Des alcools de riz produits au Québec

Vrooden

Nichée à Granby dans les Cantons-de-l’Est, la microbrasserie de bière Vrooden s’est recyclée en 2020 dans la production inusitée au Québec d’alcools de riz en élaborant du Makgeolli et du Saké.

Par Janine Saine

L’équipe composée de Carol Duplain, fondateur et président, Sylvie Fournier, brasseuse et responsable de la gestion et du marketing, et Hervé Gagnon actionnaire, est fière de nous présenter leurs produits entièrement fabriqués au Québec. Voici une entrevue réalisée avec Sylvie Fournier.

Quelles sont les étapes historiques de la fondation de votre brasserie ?

En 2016, Vrooden a vu le jour, grâce au fondateur Carol Duplain qui s’est découvert un grand intérêt pour la fabrication de bières artisanales de type allemand. Au cours de ses six années d’existence, la microbrasserie a été lauréate d’une dizaine de médailles au Québec et au Canada.
En 2015, lors d’un premier voyage en Corée, Carol découvre le Makgeolli, et en 2020, il fait la rencontre avec un Maître brasseur coréen. C’est le début de notre aventure des alcools de riz.
Geonbae voit le jour avec la commercialisation du Makgeolli. En 2023, Sakusei voit le jour avec la commercialisation des sakés Junmai et Junmai Ginjo, et en 2024, un deuxième produit Geonbae sous l’étiquette du Yakju.

Travailler le riz

Où et comment Carol a acquis ce savoir-faire ?

Ingénieur chimique de formation et autodidacte hors pair, Carol a su aller chercher ce dont il avait besoin pour le développement de nos produits. Voyage en Corée, développement de contact japonais pour devenir membre de l’association des brasseurs japonais (sans quoi, rien n’aurait été possible), deux séminaires web en direct du Japon et un séminaire à Brooklyn avec un Maître brasseur japonais. Beaucoup de démarches et de travail ont été accomplis pour arriver au résultat d’aujourd’hui, en étant fiers d’offrir des alcools de riz aux saveurs exclusivement québécoises !

Quels sont les processus de production ?

La qualité de l’eau est la base de notre production. L’eau influence directement la fermentation, donc sa condition doit être impeccable. À ce titre, la brasserie possède sa propre chambre de traitement des eaux.
La production du Makgeolli nécessite trois ingrédients : eau, riz à sushi et nuruk (fait à base de blé cru fermenté). Ces trois ingrédients sont ajoutés dans le fermenteur une fois par semaine, qu’on appelle addition. Après quatre additions, le produit est filtré et pasteurisé. Une simple filtration est nécessaire pour le Makgeolli, car on veut conserver la partie laiteuse, tandis que le Yakju (alcool clair de riz) est filtré à 100 % pour conserver que la partie claire. La pasteurisation est requise pour neutraliser tous les éléments du processus de fermentation qui demeurent dans le produit même après la filtration.
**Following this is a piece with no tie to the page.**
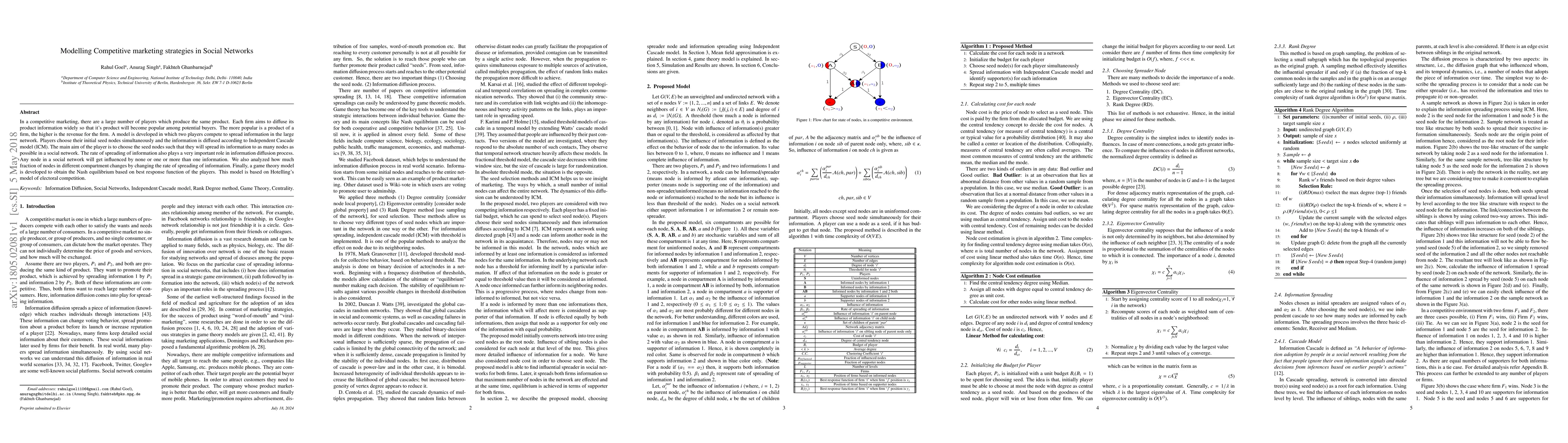 In a competitive marketing, there are a large number of players which produce the same product. Each firm aims to diffuse its product information widely so that it's product will become popular among potential buyers. The more popular is a product of a firm, the higher is the revenue for the firm. A model is developed in which two players compete to spread information in the large network. Players choose their initial seed nodes simultaneously and the information is diffused according to Independent Cascade model (ICM). The main aim of the player is to choose the seed nodes such that they will spread its information to as many nodes as possible in a social network. The rate of spreading of information also plays a very important role in information diffusion process. Any node in a social network will get influenced by none or one or more than one information. We also analyzed how much fraction of nodes in different compartment changes by changing the rate of spreading of information. Finally, a game theory model is developed to obtain the Nash equilibrium based on best response function of the players. This model is based on Hotelling's model of electoral competition.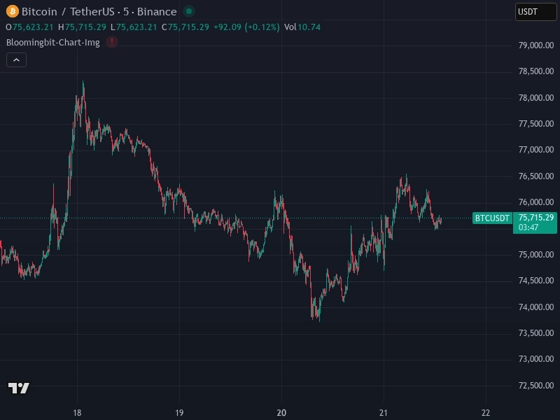 ビットコイン(BTC/USDT)は過去1分間で0.1%上昇し、現在は7万5696.17ドルで取引されている。

Le Saké exige quatre ingrédients : eau, riz, koji, (riz inoculé à l’aide d’un champignon noble pour la fermentation) et levure. On utilise un riz poli, car on veut éliminer le plus possible les protéines et lipides qui entourent l’amidon. Plus un riz est poli, plus le Saké sera raffiné et complexe. Pour le Saké, l’ajout des ingrédients se fait à l’intérieur de sept jours. La levure est ajoutée qu’au premier jour seulement. Ensuite, on surveille et contrôle le fermenteur pour les 30 prochains jours. Le Saké est filtré entièrement, suivi lui aussi d’une pasteurisation pour désactiver les enzymes.

Contrôle de procédé

Contrôle de procédé

Quelle est la différence entre le Makgeolli et le Saké ?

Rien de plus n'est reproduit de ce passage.